Exercise aim:
Beginning with the line containing "650 E/P 8TC/11TCvii" and ending at the last line of the records, transcribe each line exactly. Do not include pictures.

Extracted entries:
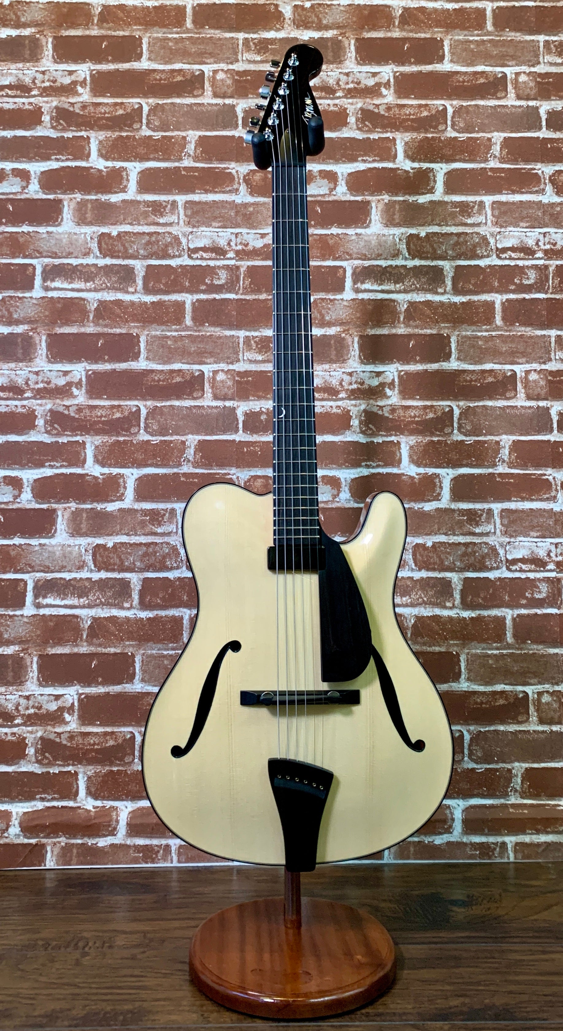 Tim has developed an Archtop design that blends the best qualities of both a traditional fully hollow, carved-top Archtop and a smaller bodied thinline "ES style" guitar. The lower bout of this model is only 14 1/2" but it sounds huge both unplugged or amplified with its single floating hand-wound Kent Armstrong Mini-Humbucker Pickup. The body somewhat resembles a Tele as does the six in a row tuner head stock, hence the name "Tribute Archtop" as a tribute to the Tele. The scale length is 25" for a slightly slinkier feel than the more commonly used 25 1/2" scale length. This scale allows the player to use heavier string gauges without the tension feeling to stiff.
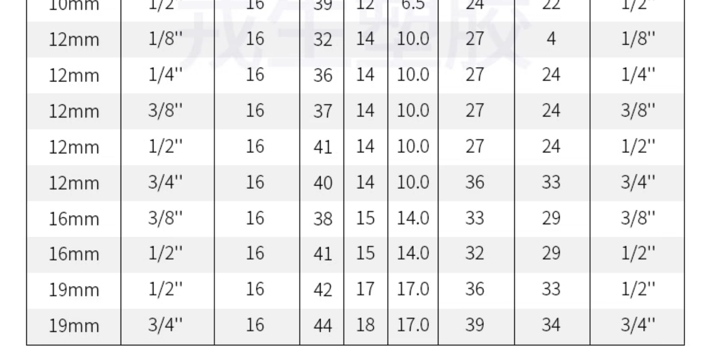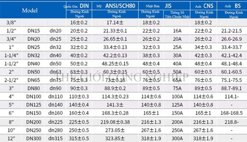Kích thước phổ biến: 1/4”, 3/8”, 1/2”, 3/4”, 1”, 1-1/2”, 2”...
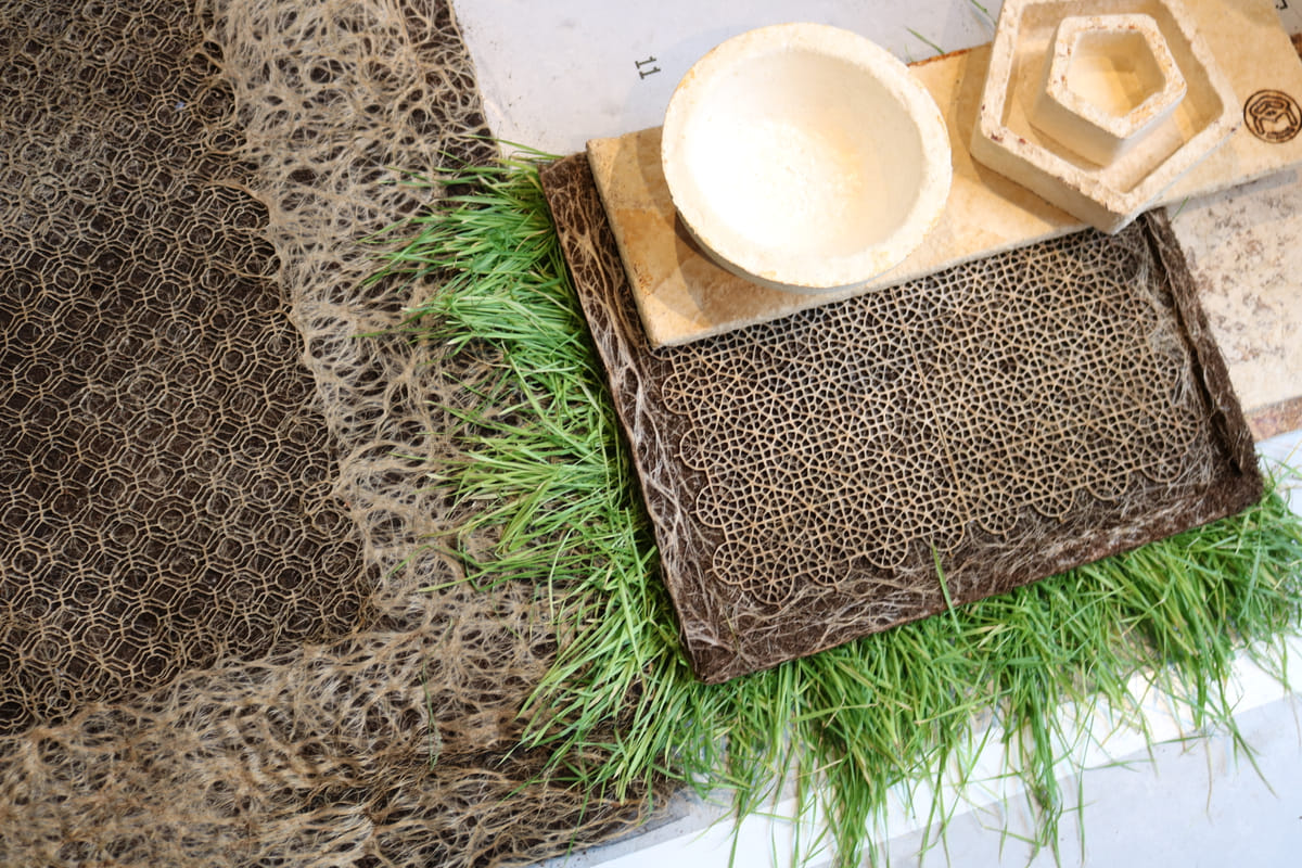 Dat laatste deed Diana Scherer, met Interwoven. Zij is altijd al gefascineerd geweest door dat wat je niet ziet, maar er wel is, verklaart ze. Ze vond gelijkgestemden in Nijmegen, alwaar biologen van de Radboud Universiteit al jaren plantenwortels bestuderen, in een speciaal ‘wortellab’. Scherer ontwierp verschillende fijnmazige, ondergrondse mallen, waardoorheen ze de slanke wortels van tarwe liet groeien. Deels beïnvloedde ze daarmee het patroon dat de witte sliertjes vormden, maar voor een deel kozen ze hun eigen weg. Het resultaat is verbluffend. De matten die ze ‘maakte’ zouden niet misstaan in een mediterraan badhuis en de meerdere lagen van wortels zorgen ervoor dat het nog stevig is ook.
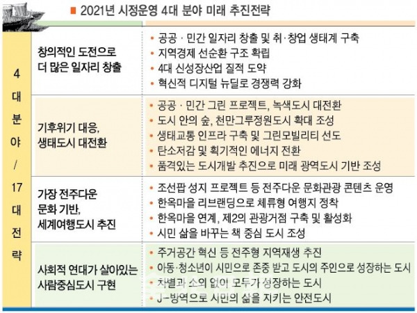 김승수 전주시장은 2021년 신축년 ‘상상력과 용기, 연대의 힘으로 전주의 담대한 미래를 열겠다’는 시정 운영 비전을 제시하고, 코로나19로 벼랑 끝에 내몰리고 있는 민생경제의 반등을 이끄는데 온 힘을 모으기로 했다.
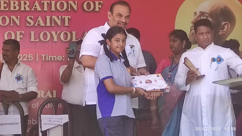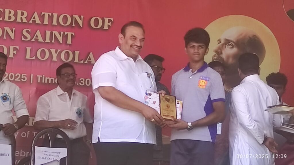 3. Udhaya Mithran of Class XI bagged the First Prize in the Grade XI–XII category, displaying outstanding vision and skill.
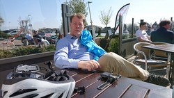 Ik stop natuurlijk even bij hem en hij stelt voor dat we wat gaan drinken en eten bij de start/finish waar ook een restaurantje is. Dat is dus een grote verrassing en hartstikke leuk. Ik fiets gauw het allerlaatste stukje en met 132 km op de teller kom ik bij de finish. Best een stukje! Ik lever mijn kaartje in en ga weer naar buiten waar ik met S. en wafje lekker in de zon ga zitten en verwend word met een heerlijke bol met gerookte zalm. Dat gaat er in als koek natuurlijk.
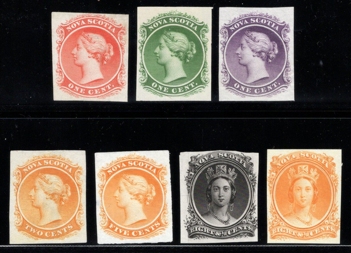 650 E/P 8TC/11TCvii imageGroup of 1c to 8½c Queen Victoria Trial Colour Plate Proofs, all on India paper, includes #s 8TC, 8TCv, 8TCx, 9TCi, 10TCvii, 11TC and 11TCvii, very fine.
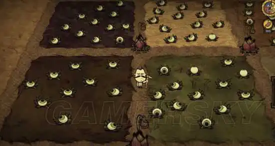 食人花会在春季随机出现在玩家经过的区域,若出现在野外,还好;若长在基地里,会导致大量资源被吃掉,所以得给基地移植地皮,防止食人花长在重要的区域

Expected answer:
 650 E/P 8TC/11TCvii imageGroup of 1c to 8½c Queen Victoria Trial Colour Plate Proofs, all on India paper, includes #s 8TC, 8TCv, 8TCx, 9TCi, 10TCvii, 11TC and 11TCvii, very fine.
 食人花会在春季随机出现在玩家经过的区域,若出现在野外,还好;若长在基地里,会导致大量资源被吃掉,所以得给基地移植地皮,防止食人花长在重要的区域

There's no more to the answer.